Is the two-instruction pattern mov x1,x2; op x1,x3; typically macrofused into a single micro-operation? Or is independent destination so uncommon for these operations that the x86 architecture doesn't bother allowing it in a single uop? If so, what efficiencies does disallowing independent destination provide?

SSE and beyond instructions are more or less unrelated to the main instruction set. — Thomas Jager, Sep 05 '20 at 15:58
x86 was designed as a two-operand architecture. Each instruction has two operands and the encoding doesn't allow for more. Recently three-operand instructions were added with AVX, but these are not widely available. — fuz, Sep 05 '20 at 15:59
@ThomasJager And even SSE is strictly a two-operand instruction set. Maybe OP was talking about x87? Not sure what three operand FP operations he refers to. — fuz, Sep 05 '20 at 15:59
@fuz Oh, I did not realize. I was referring to the AVX instructions like ADDPD and ADDSD. — ArborealAnole, Sep 05 '20 at 16:14
@fuz : there are three operand forms of some instructions that were added in later processors like `imul`. But the encoding limits you to what can be use as operands. — Michael Petch, Sep 05 '20 at 16:17
@ArborealAnole `ADDPS` and `ADDSD` take two operands like any other normal x86 instruction. Do you perhaps mean `VADDPS` and `VADDSD`? The VEX prefix allows these to take a third operand. — fuz, Sep 05 '20 at 17:12
CISC isnt efficient, but that is not relevant. You are asking about two different architectures that have nothing to do with other. Why does my car have the window control on the door, but I drove this other car that has the window control in the console. Why doesnt every car have volume controls on the steering wheel, from the model-T to the present? — old_timer, Sep 05 '20 at 17:22
[This article](https://en.wikipedia.org/wiki/Instruction_set_architecture#Number_of_operands) might be of interest to you. — fuz, Sep 05 '20 at 17:23
@old_timer I wouldn't say that. Ever since ooo processors hit the markets, the benefits of a RISC design became more and more irrelevant or even downright detrimental to performance. Modern high-performance CPU designs like AArch64 tend to go more and more back into the direction of CISC processors. — fuz, Sep 05 '20 at 17:25

Peter Cordes · Accepted Answer · 2020-09-06T18:36:19.350

Almost a duplicate of What kind of address instruction does the x86 cpu have? which explains the machine-code reason (and some exceptions to the general case).

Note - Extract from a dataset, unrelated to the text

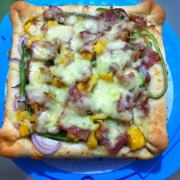 高筋面粉、酵母、温水、黄油、糖、盐、洋葱、青椒、腊肠、香肠、芒果、茄子、自制蕃茄酱、马苏里奶酪。

If so, what efficiencies does disallowing independent destination provide?

Just code size. It makes everything else worse, which is why all modern high-performance designs provide 3-operand instructions, and what anyone would do if they were re-architecting x86-64 from scratch for performance.

x86 uses a compact variable-length instruction encoding, and evolved as a 2-operand ISA out of 8-bit 8080 which was more or less a 1-operand ISA where most opcodes implied one of the operands (usually the accumulator).

You could say that as a CISC ISA, x86 uses its extra coding space on the possibility of a memory-source operand, instead of on a separate destination. Although that's only sort of true because only 2 bits encode register vs. [register] indirect vs. [reg+disp8] vs. [reg+disp32]. The rest of the space is just not there because typical instructions are only 2 bytes long, opcode + modrm. (Plus prefixes, immediate, and/or extra bytes of addressing mode).

Fun fact, 16-bit is the same length as ARM Thumb which made the same choice to be mostly a 2-operand encoding, because that's how you keep instructions small at the expense of sometimes needing more of them. On original 8086 (and especially 8088 with its half-width bus), code-fetch was the major bottleneck, and saving code bytes generally gave performance, regardless of the number of instructions.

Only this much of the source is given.